• [Exercise objective]:
Return all of the data exactly, omitting any images.
##########
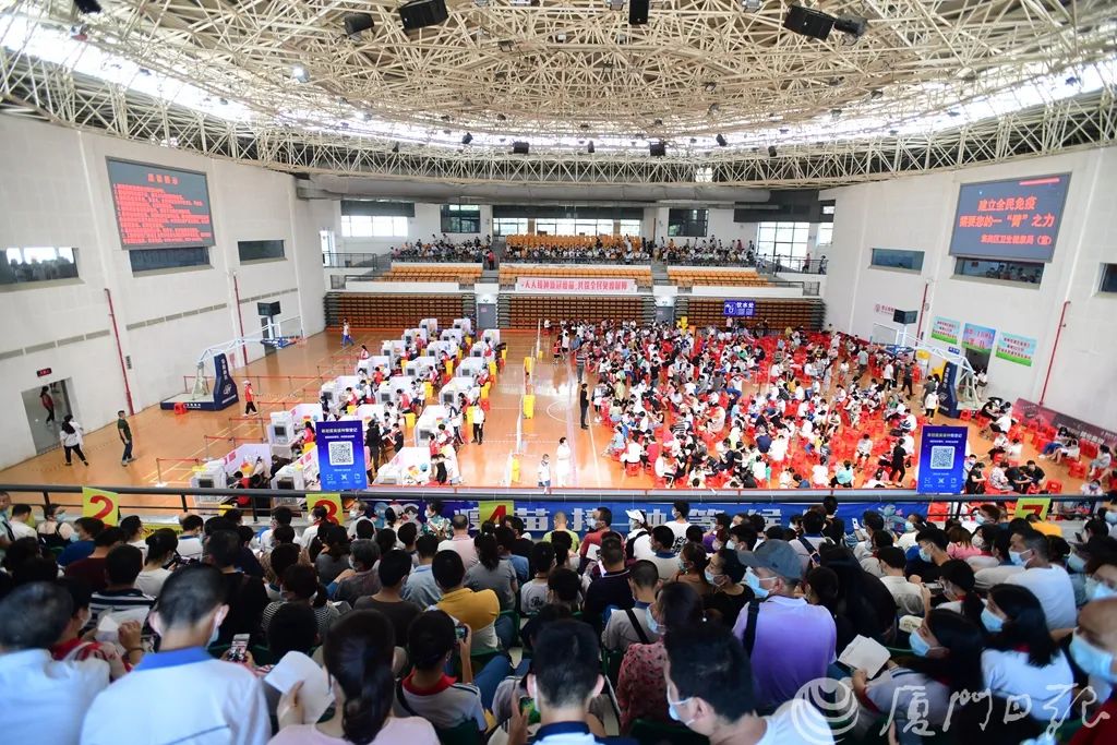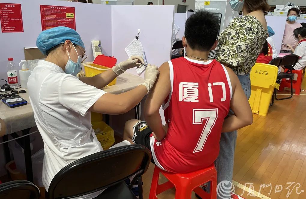 廈門于26日啟動(dòng)15-17歲人群新冠疫苗接種,據(jù)悉,當(dāng)天共有4所學(xué)校的2600名學(xué)生在廈門杏林文體中心接種。
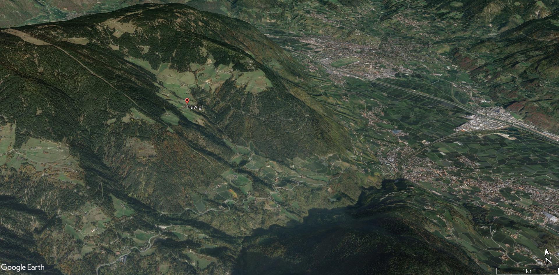 Pawigl liegt südwestlich von Meran am Lärchbühel hoch über dem Ultental.
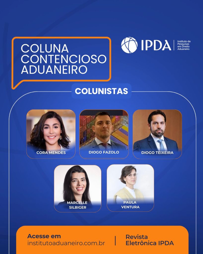 Diogo Bianchi Fazolo. Mestre em Direito pela Universidade Católica de Brasília (UCB), Diretor de Pesquisa do Instituto de Pesquisas em Direito Aduaneiro (IDPA), membro da Academia Latino-americana de Direito Aduaneiro (ALDA), autor do livro Infrações Aduaneiras à luz do Direito Aduaneiro Internacional (Caput Libris, 2024) e advogado.
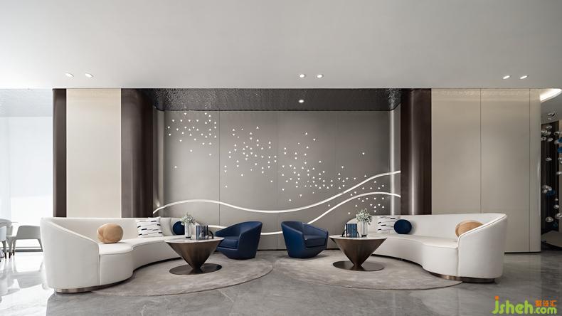 正如同宇宙星球,圓代表著無邊無界,象征著圓滿的寓意。售樓處設(shè)計(jì)運(yùn)用軟裝形態(tài)的圓融,形成了溫和的空間氛圍,背景墻透出璀璨星河的模樣,象征自然界的包容、共融性,治愈并給予著人們能量。
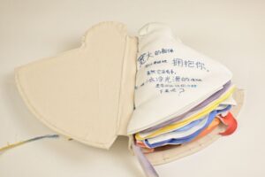 Staring at a real-life manta, its beauty and gentleness enchants me. I can’t help but wonder if their wide bodies are there to hug and calm people down. Therefore, I imagined a type of manta that takes emotions as their main source of food in return for healing others, and their appearance would transform according to the kind of emotion they consume. The manta’s symmetrical body inspired me to make this piece into a book.In order to express manta’s gentleness, I used watercolor paintings printed on fabric as the main material, and decorated each manta with eyes I created myself using resin. The very first page of this book includes a paragraph I wrote and stitched, it says: “A broad body can embrace you better. Although it has no hands, can its cold, smooth skin help you calm down?”
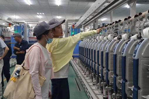 (東華大學“一帶一路”全國大學生紡織援疆團調研紡織企業生產車間)
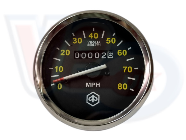 VE12031 SPEEDOMETER - 0-80mph - VESPA PX Mark 1. a reproduction speedo unit with a 0 to 80mph scale like the original speedometer.
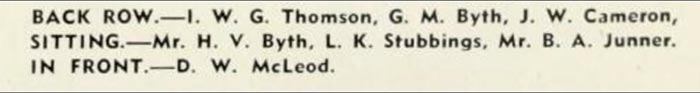 1st Brisbane Boys’ College - Bow: I. W. G. Thompson, 2: J. W. Cameron, 3: G. M. Byth, Str: L. K. Stubbings, Coach: B. A. Junner
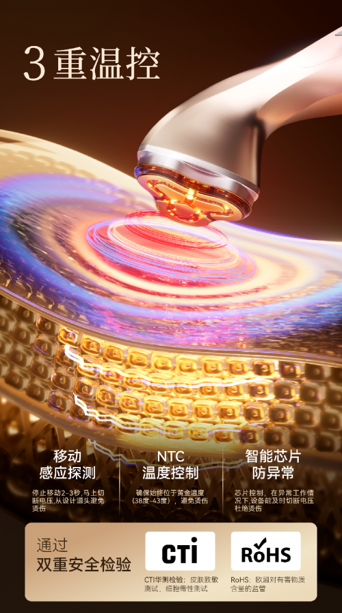 相比于其他美容儀的溫控系統(tǒng),玉如意美容儀還有三重安全保護(hù):移動(dòng)感應(yīng)探測(cè)功能、NTC溫度控制和芯片控制,確保美容儀時(shí)刻維持黃金溫度(38-43度),杜絕燙傷,讓用戶居家使用更安心。
##########
• [Response box]:
 廈門于26日啟動(dòng)15-17歲人群新冠疫苗接種,據(jù)悉,當(dāng)天共有4所學(xué)校的2600名學(xué)生在廈門杏林文體中心接種。
 Pawigl liegt südwestlich von Meran am Lärchbühel hoch über dem Ultental.
 Diogo Bianchi Fazolo. Mestre em Direito pela Universidade Católica de Brasília (UCB), Diretor de Pesquisa do Instituto de Pesquisas em Direito Aduaneiro (IDPA), membro da Academia Latino-americana de Direito Aduaneiro (ALDA), autor do livro Infrações Aduaneiras à luz do Direito Aduaneiro Internacional (Caput Libris, 2024) e advogado.
 正如同宇宙星球,圓代表著無邊無界,象征著圓滿的寓意。售樓處設(shè)計(jì)運(yùn)用軟裝形態(tài)的圓融,形成了溫和的空間氛圍,背景墻透出璀璨星河的模樣,象征自然界的包容、共融性,治愈并給予著人們能量。
 Staring at a real-life manta, its beauty and gentleness enchants me. I can’t help but wonder if their wide bodies are there to hug and calm people down. Therefore, I imagined a type of manta that takes emotions as their main source of food in return for healing others, and their appearance would transform according to the kind of emotion they consume. The manta’s symmetrical body inspired me to make this piece into a book.In order to express manta’s gentleness, I used watercolor paintings printed on fabric as the main material, and decorated each manta with eyes I created myself using resin. The very first page of this book includes a paragraph I wrote and stitched, it says: “A broad body can embrace you better. Although it has no hands, can its cold, smooth skin help you calm down?”
 (東華大學“一帶一路”全國大學生紡織援疆團調研紡織企業生產車間)
 VE12031 SPEEDOMETER - 0-80mph - VESPA PX Mark 1. a reproduction speedo unit with a 0 to 80mph scale like the original speedometer.
 1st Brisbane Boys’ College - Bow: I. W. G. Thompson, 2: J. W. Cameron, 3: G. M. Byth, Str: L. K. Stubbings, Coach: B. A. Junner
 相比于其他美容儀的溫控系統(tǒng),玉如意美容儀還有三重安全保護(hù):移動(dòng)感應(yīng)探測(cè)功能、NTC溫度控制和芯片控制,確保美容儀時(shí)刻維持黃金溫度(38-43度),杜絕燙傷,讓用戶居家使用更安心。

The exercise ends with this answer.